A solid-gold Rolex and prisoners as props
The Homeland Security secretary stages a photo op in a notorious mega-prison with men “stacked up like cordwood behind her.”

Full story: How Kristi Noem’s $50,000 Rolex in a Salvadoran prison became a political flashpoint
When Homeland Security Secretary Kristi L. Noem visited El Salvador’s notorious Terrorism Confinement Center, she posted a video from one of the notoriously overcrowded mega-prison's cell blocks that struck many as hard to watch. "This is next level disturbing," one Bluesky user wrote. "Human beings are not props."

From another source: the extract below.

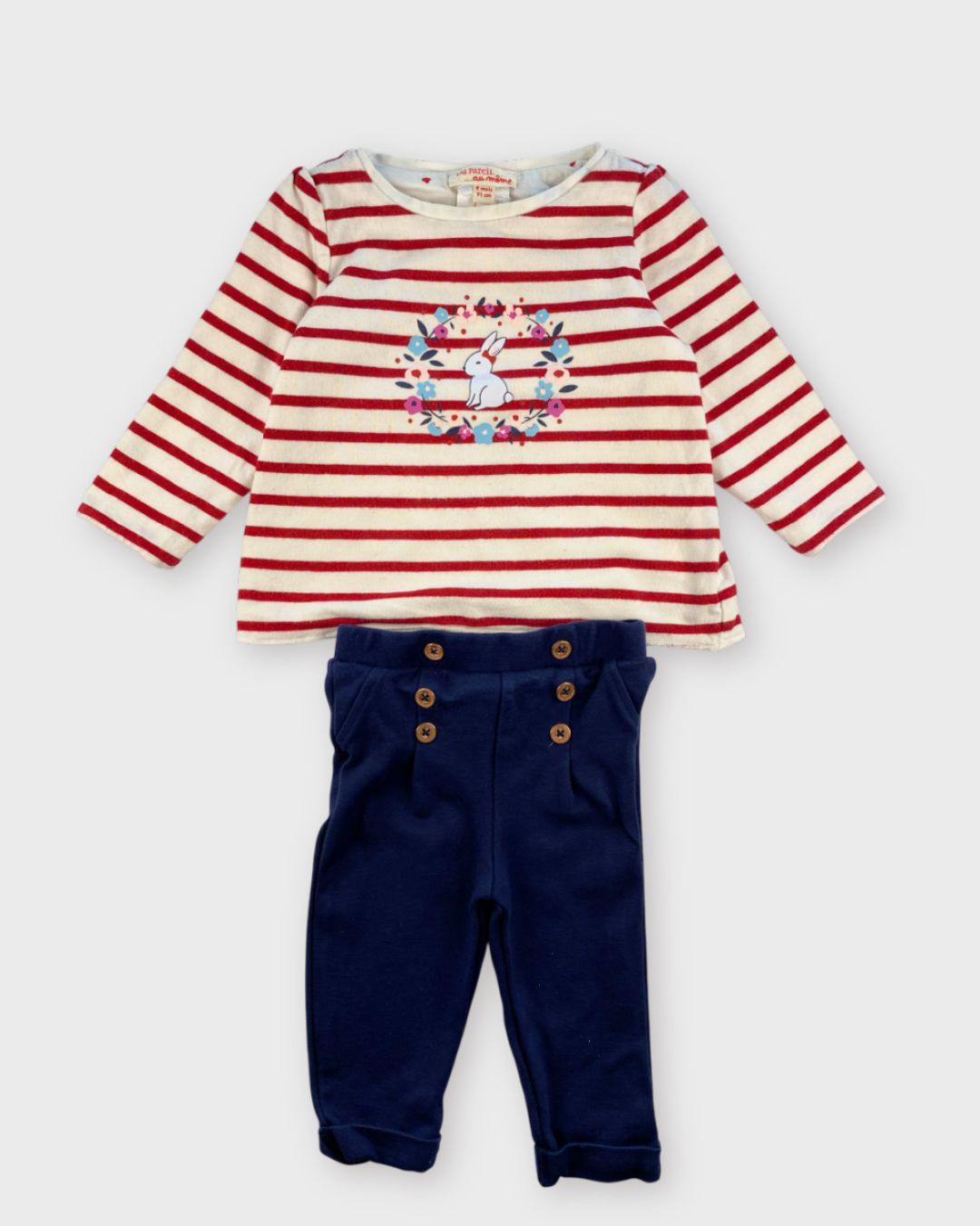 Un petit vent de fraîcheur souffle avec cet ensemble composé de sa marinière Sergent Major et de son legging bleu marine.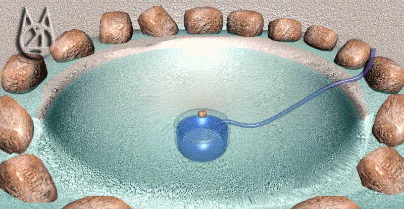 A view from the top. From this angle, you can see the pebble in the middle, centered over the collection vessel.

Adding to the vertigo of the scene was Noem's watch – a bulky gold timepiece that some online raced to identify. So we contacted three vintage-timepiece experts, sending them as many photos from the scene as we could find, and asked them what they could determine: What was it? Was it real? And what'd it cost?
They all agreed: It was an 18-karat Rolex Cosmograph Daytona watch from the early 2000s, which retails for between $40,000 to $60,000. (Its unconventional screw-down "chronograph pushers" were one giveaway.) For immigration advocates, the choice only added to the insensitivity of the scene:
“You’re in front of all these people in a very poor country, who are in the bottom 10 or 20 percent of their country … and it looks like you’re just flaunting your wealth while you flaunt your freedom,” said Adam Isacson, an analyst at the Washington Office on Latin America, a human rights group.
“This is an administration that is trying to be populist, anti-elite, appeal to the common man,” he added. Meanwhile, there's “people stacked up like cordwood behind her.”
Noem's video: "If you do not leave, we will hunt you down."
DHS' statement:
“During women’s history month, it becomes particularly glaring that I have yet to see the Washington Post write a story on a man in leadership’s watch, they seem to just reserve such scrutiny for a female Secretary of Homeland Security who has secured the border to greatest level seen in American history. The Washington Post should stop embarrassing itself and focus on substance not sartorial choices.
But since you’re so interested, then-Governor Noem chose to use the proceeds from her New York Times best selling books to purchase an item she could wear and one day pass down to her children.”